The system that failed its bravest

BLACK SATURDAY BLUNDERS
SO MUCH had already gone wrong. They didn’t know the Kilmore fire was in Kinglake. They didn’t know where their second CFA tanker was because the area had so many radio black spots they couldn’t raise it. They had already fled flames that were three times as tall as the trees.
And Karen Barrow’s Black Saturday had only just begun.
In a personal submission to the Bushfires Royal Commission, Miss Barrow, a CFA volunteer and second lieutenant with the Kinglake West brigade, has told the story of one woman’s fire and the bureaucratic bungles that bedevilled it.
Miss Barrow was a driver on a tanker that responded to emergency calls. By 5pm, she and the crew were back at Kinglake West CFA station, readying hoses to protect more than 200 people sheltering there. Meanwhile, CFA pagers began beeping with emergency calls. “One message stated something like ’40-50 people trapped’. I did not look at my pager again after this – the guilt at not being able to assist was too much.”
Later, as they went to answer a call, a woman waved them down and said a man in her backyard had burns to 70 per cent of his body. The woman had called several times for an ambulance but none had arrived. “I asked the crew to stay with the truck while I checked out the patient. I did not want the crew to see a burns patient if they did not need to.”
Miss Barrow assessed his burns as third degree, but the crew was trying to answer a call from people trapped by fire. She radioed through to VicFire, the CFA’s dispatchers, who told her an ambulance was on its way.
After visits to two other properties, Miss Barrow returned to the burnt man.

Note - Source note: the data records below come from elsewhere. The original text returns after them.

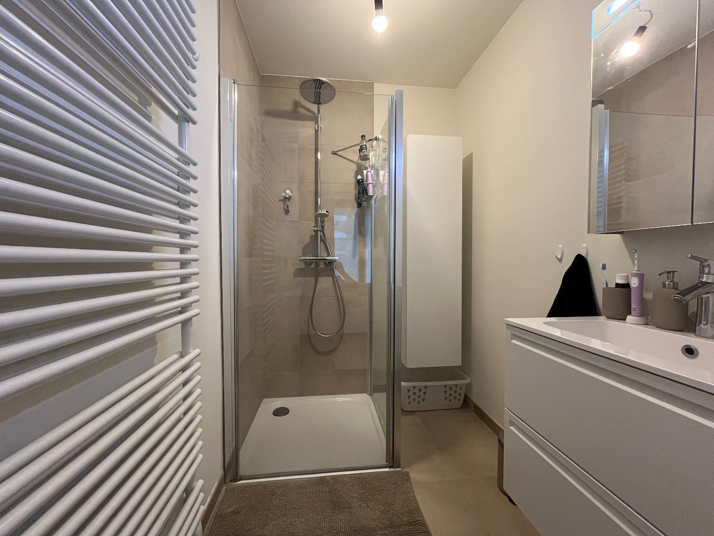 Op de tweede verdieping van de residentie Ascot betreedt u het appartement via een ruime inkomhal, waar strak maatwerk meteen de toon zet. Ingebouwde kasten bieden praktische opbergruimte en het apart toilet bevindt zich handig nabij de inkom. De leefruimte is een lichte en open plek waar de keuken, de eetruimte en de zithoek elkaar harmonieus aanvullen. De moderne keuken is volledig uitgerust met een combi-oven, inductiekookplaat, koelkast met vriesvak, vaatwasser en spoelbak, en vormt zo een functioneel geheel dat naadloos aansluit bij de rest van de ruimte. Dankzij de intelligente indeling van de eetruimte met ingebouwde zitbank ontstaat er een gezellige en functionele plek zonder verlies van ruimte. De woonkamer leidt rechtstreeks naar het zuidoostgerichte terras, waar u wordt getrakteerd op een bijzonder zicht. Het terras is toegankelijk zowel vanuit de leefruimte als de slaapkamer, wat het gevoel van openheid nog versterkt. De slaapkamer zelf is ruim met aansluitend een smaakvol afgewerkte badkamer voorzien van een inloopdouche en handdoekverwarmer. Een aparte berging doet dienst als wasruimte en houdt het appartement netjes en georganiseerd.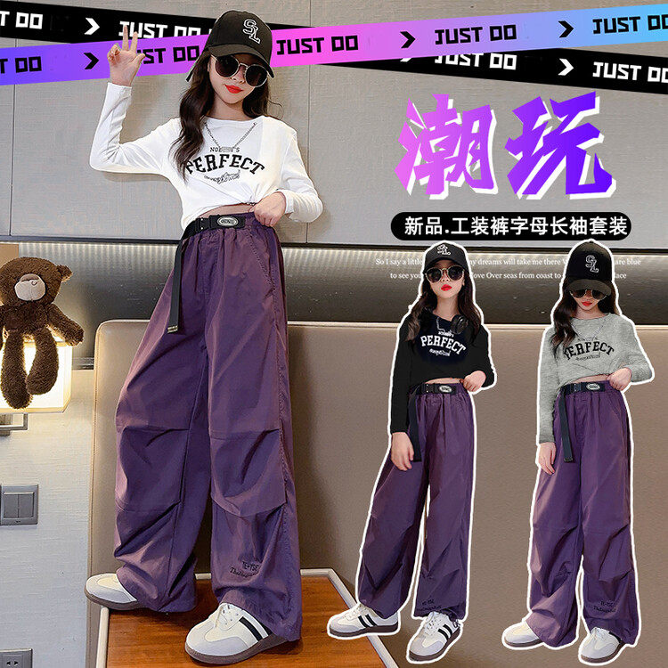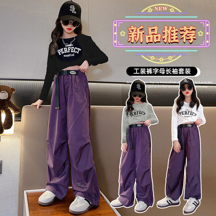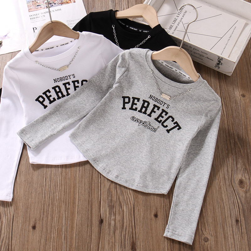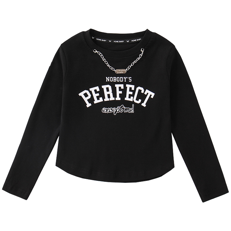 女童长袖t恤春秋款纯棉高腰黑白色打底衫炸街中大童网红短款上衣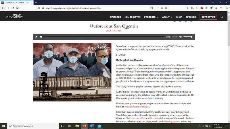 Podcast episode produced by Snap Judgment in which they look at covid-19 outbreaks in San Quentin prison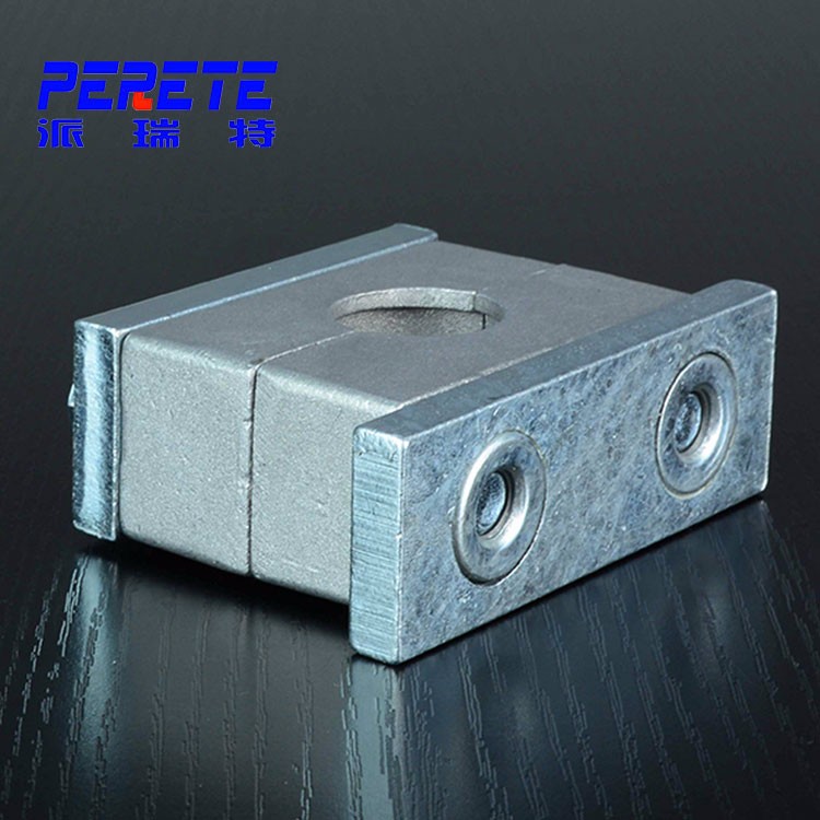 装地导轨上 ,导轨可焊在基础上,或用螺钉固定,随后将导轨螺母推入轨内,并转 90 度,将下半个管夹身嵌入螺母,放上需固定的管子,再放上上半个管管夹身和盖板,用螺钉固定。

VicFire told her the ambulance service had spoken to the patient, but those caring for him said there had been no contact. She radioed VicFire again and was told she would have to take the man 20 kilometres to Whittlesea.

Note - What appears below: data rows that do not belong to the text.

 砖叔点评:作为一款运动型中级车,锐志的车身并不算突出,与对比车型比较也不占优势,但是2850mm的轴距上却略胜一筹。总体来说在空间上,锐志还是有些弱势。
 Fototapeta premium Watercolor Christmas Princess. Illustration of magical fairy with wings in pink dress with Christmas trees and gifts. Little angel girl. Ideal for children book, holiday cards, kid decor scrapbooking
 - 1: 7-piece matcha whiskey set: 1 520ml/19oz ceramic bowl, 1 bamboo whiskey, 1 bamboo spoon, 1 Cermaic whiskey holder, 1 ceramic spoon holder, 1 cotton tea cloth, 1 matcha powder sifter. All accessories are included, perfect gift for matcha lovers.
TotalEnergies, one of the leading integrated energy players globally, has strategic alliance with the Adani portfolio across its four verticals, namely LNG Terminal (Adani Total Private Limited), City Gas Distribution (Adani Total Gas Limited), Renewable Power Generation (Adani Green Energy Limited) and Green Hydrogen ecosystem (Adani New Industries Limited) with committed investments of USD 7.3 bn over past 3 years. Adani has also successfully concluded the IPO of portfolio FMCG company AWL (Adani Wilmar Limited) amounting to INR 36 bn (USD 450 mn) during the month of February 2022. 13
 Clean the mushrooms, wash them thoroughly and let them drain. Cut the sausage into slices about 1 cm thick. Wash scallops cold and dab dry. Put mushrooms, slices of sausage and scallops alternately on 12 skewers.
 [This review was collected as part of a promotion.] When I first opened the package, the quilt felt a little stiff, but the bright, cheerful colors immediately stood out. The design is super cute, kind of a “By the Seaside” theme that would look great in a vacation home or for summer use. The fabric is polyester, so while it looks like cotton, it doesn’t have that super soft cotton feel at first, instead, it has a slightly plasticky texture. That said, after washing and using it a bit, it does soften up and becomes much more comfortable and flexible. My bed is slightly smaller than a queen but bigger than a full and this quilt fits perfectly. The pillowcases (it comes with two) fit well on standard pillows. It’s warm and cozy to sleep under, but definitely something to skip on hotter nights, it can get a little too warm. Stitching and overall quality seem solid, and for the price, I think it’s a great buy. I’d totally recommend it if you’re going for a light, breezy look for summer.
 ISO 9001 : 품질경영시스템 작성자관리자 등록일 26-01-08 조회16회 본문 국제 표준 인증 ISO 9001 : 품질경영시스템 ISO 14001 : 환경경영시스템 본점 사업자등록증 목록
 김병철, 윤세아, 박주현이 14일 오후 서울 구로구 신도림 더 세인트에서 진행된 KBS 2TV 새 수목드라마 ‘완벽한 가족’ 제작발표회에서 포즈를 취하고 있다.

“We used the ladder as a stretcher and folded up the blankets to use as some kind of mattress,” she wrote. “We lifted him on to the rear deck of Kinglake West Tanker 1 . . . Each end of the ladder was protruding from either side of the truck.
“Progress was painfully slow as we still had to navigate around trees across the road and at times had to drive on the shoulder of the road.”
At last she was able to tell him: “We are almost there. Only a few hundred metres to go.” Then she grinned and said: “And this time I actually do mean it.” He managed a chuckle.
Miss Barrow stayed with him until an ambulance arrived around 2am. The man died about 12 days later.
Miss Barrow continued working until 5 o’clock Monday morning, a 45-hour stint. Kinglake West brigade remained operational round-the-clock for the next six weeks, putting out spot fires, clearing roads and organising deliveries of fuel, water and food.
“During this recovery phase, we received no assistance from the Shire of Murrindindi or the army,” she wrote.
The brigade’s fatigue was intense: “If it were not for brigades such as Panton Hill, Research and Kangaroo Ground, we simply would not have coped. These brigades unreservedly sent people and tankers to assist. In doing so, they shunned protocol, as protocol simply was not working.”
She said strike teams sent to help were insufficient and poorly managed, and that officials kept telling the brigade no further people or tankers were available.